Areta Kowal-Vern et al. J Burn Care Res. 2007 Jan-Feb.

Abstract

There are few articles about the homeless in burn literature. We sought to determine the demographic characteristics of the homeless citizens admitted to an urban burn center. This was a retrospective review from March 1999 to May 2004. Statistical analysis included chi2 and one-way analysis of variance. There were 1615 burn admissions, and 73 (4.5%) of these patients were homeless. Although the %TBSA affected was similar for the homeless and domiciled patients, the mean (+/-SD) age of the homeless was 44 +/- 10 years and their length of stay was 15 +/- 15 days, compared with 31 +/- 22 years and 9 +/- 13 days, respectively, for the domiciled. Twenty-one (29%) of the 73 homeless were admitted for frostbite, vs 21 (1.4%) of the 1542 domiciled patients (P= .000). Because of the frostbite, the majority (53%) arrived in the winter, compared with 15% in each of the other three seasons (P= .000). The homeless had a higher frequency of acute and chronic ethanol and cocaine use than the domiciled population (21% vs 6%).
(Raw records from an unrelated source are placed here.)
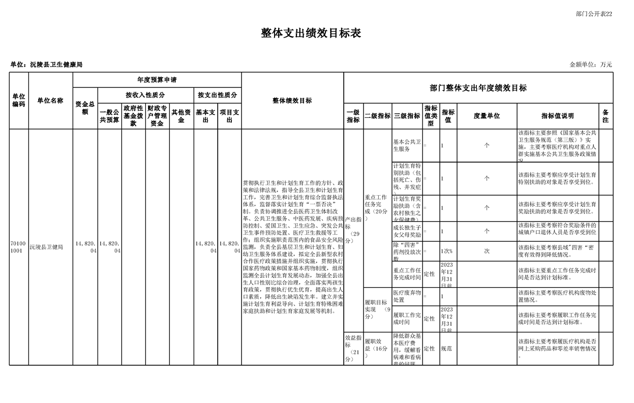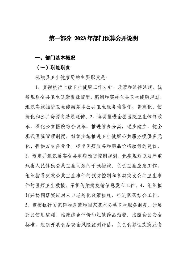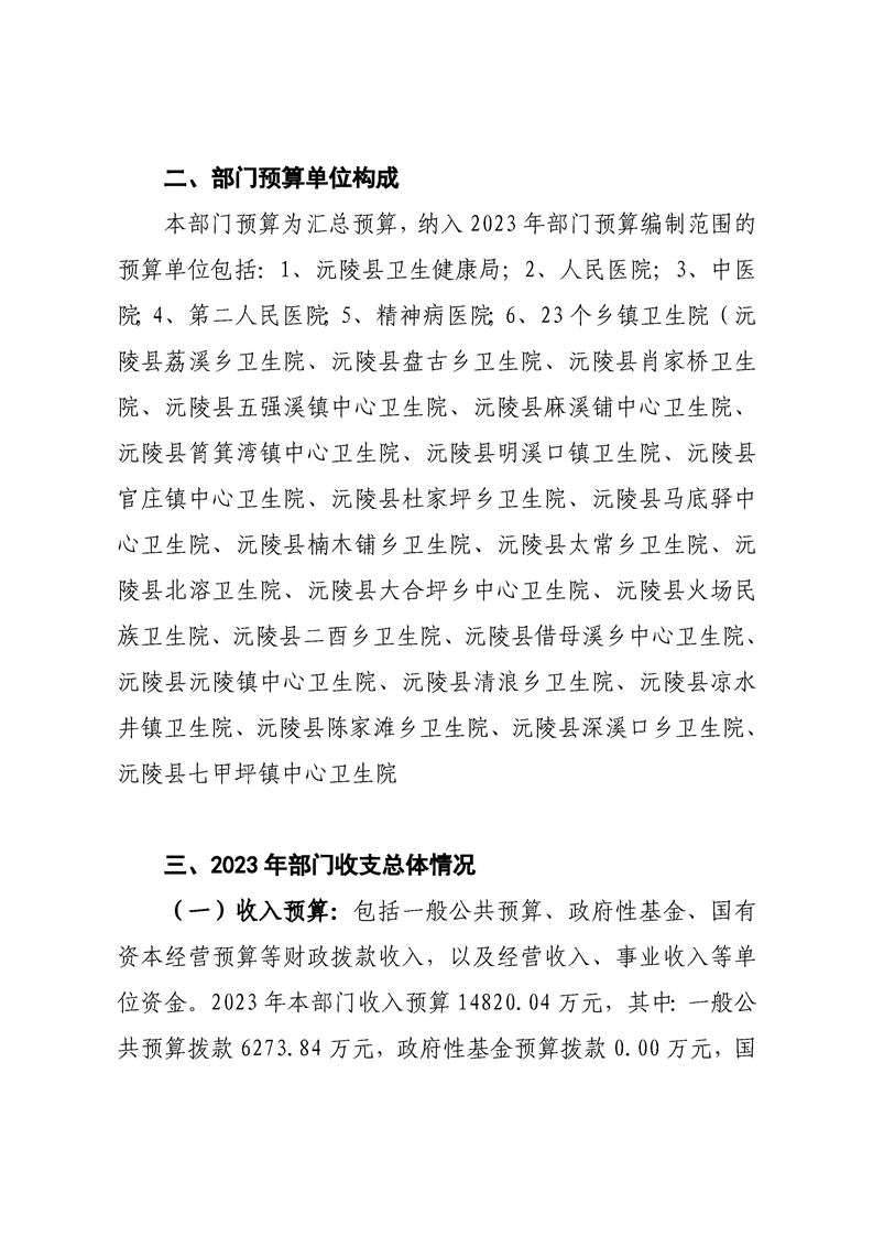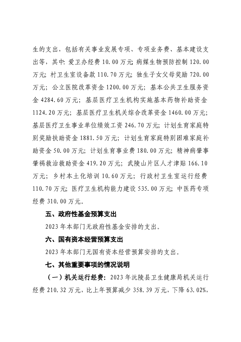 2023年沅陵县卫生健康局预算公开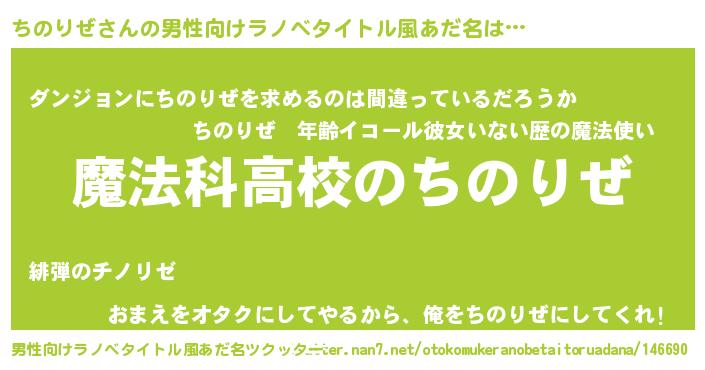 | 女子向けラノベタイトル風あだ名 | 『ちのりぜなんてお断りですっ。』 |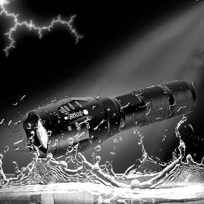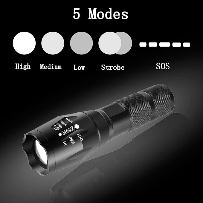 - ZOOMABLE: This LED flashlight has adjustable focus with zoom in and zoom out function for long range illumination and wide range illumination.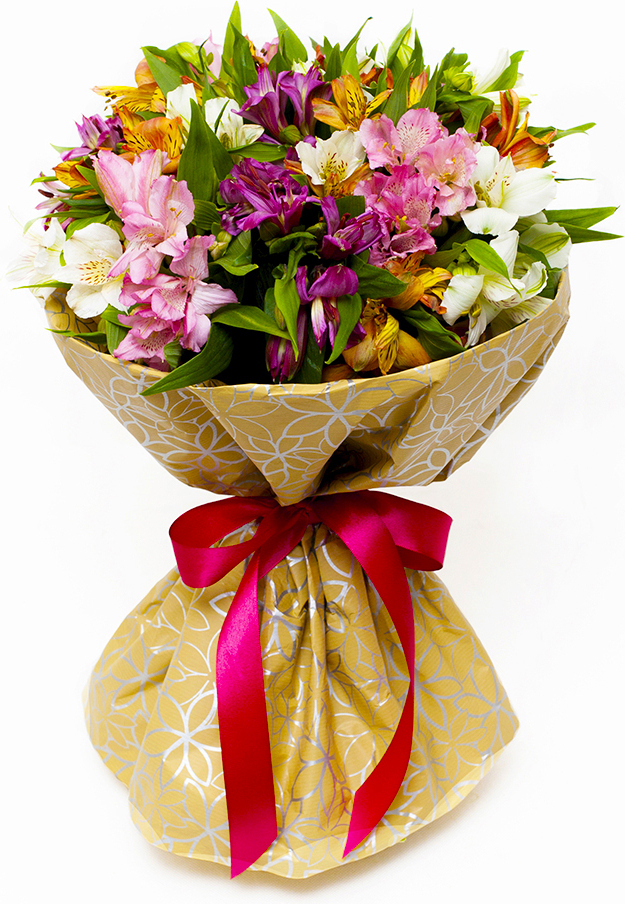 1 белая альстромерия, 1 розовая альстромерия, 1 фиолетовая альстромерия, 2 оранжевых альстромерии, упаковка, лента2 белых альстромерии, 2 розовых альстромерии, 2 фиолетовых альстромерии, 3 оранжевых альстромерий, упаковка, лента7 белых альстромерий, 7 розовых альстромерий, 6 фиолетовых альстромерий, 7 оранжевых альстромерий, упаковка, лента

There was no significant difference between the homeless and the domiciled population in %TBSA affected, nutritional values, and assault frequency. More than half of the homeless patient admissions to the burn unit resulted from assault or frostbite. The homeless were mainly African-Americans and Caucasians, with a higher frequency of ethanol and cocaine use than in the domiciled burn population. Lack of discharge options for the homeless prolonged the average length of stay, leading to increased costs, often borne by the burn unit.